◆ WORK REQUIRED ◆
In the listing below, the lines starting at the line with "3.當臭氧為 2.0mg/L 以上作用時間,在飲用水消毒的濁度、溫度、pH" and ending at the line with "随后许敏发布了11点疑问,很" are to be output verbatim. Images stay out of the copy.
━━━ INFORMATION GIVEN
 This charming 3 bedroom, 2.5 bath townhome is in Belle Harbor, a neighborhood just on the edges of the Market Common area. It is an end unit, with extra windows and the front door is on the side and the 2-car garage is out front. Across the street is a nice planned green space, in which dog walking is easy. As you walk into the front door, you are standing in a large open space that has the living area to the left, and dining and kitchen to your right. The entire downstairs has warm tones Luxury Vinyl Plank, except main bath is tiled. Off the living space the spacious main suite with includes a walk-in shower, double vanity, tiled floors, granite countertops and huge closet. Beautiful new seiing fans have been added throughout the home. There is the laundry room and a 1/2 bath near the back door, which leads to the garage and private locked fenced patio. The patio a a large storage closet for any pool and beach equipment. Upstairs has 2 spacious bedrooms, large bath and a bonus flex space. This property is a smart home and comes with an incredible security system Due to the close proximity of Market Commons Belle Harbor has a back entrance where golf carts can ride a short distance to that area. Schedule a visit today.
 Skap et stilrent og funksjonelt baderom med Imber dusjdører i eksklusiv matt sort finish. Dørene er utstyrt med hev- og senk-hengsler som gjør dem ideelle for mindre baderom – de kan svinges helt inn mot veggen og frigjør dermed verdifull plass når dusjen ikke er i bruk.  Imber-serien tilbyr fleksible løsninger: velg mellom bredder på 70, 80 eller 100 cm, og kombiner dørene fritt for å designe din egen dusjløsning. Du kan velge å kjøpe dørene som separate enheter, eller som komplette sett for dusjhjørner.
━━━━━━
━━━ INFORMATION GIVEN
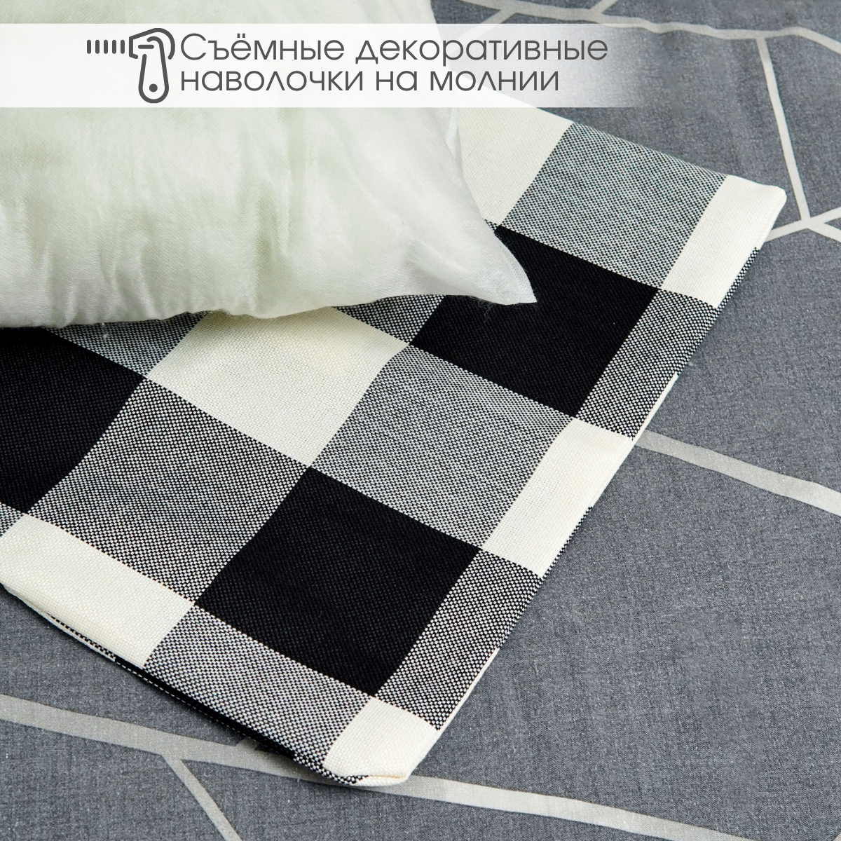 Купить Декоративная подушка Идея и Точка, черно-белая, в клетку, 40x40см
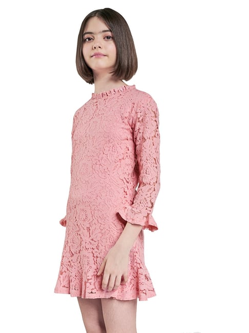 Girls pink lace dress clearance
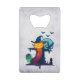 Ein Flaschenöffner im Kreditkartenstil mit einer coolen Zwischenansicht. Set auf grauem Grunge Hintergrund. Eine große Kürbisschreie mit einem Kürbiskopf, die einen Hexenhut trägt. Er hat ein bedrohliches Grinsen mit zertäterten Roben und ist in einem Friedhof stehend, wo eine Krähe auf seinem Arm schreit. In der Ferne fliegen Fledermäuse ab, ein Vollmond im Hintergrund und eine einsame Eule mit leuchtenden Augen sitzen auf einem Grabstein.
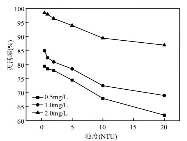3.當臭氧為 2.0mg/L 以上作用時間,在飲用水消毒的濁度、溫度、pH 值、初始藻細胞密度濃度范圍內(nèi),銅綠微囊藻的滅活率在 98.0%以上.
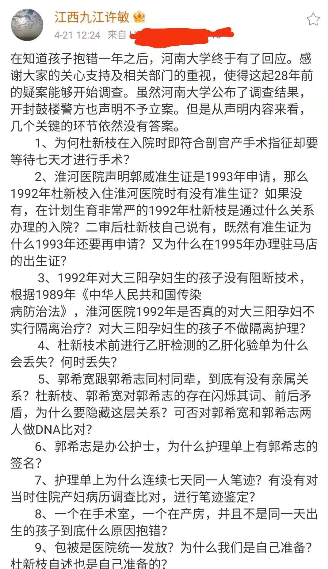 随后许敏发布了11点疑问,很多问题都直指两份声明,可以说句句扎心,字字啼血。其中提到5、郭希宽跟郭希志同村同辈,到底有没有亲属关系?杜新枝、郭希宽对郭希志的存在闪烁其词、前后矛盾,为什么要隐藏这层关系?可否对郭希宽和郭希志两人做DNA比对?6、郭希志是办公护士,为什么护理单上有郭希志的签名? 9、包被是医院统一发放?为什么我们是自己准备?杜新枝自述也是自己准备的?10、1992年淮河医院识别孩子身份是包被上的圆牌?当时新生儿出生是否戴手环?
━━━━━━
◆ SOLVED PROBLEM ◆
3.當臭氧為 2.0mg/L 以上作用時間,在飲用水消毒的濁度、溫度、pH 值、初始藻細胞密度濃度范圍內(nèi),銅綠微囊藻的滅活率在 98.0%以上.
 随后许敏发布了11点疑问,很多问题都直指两份声明,可以说句句扎心,字字啼血。其中提到5、郭希宽跟郭希志同村同辈,到底有没有亲属关系?杜新枝、郭希宽对郭希志的存在闪烁其词、前后矛盾,为什么要隐藏这层关系?可否对郭希宽和郭希志两人做DNA比对?6、郭希志是办公护士,为什么护理单上有郭希志的签名? 9、包被是医院统一发放?为什么我们是自己准备?杜新枝自述也是自己准备的?10、1992年淮河医院识别孩子身份是包被上的圆牌?当时新生儿出生是否戴手环?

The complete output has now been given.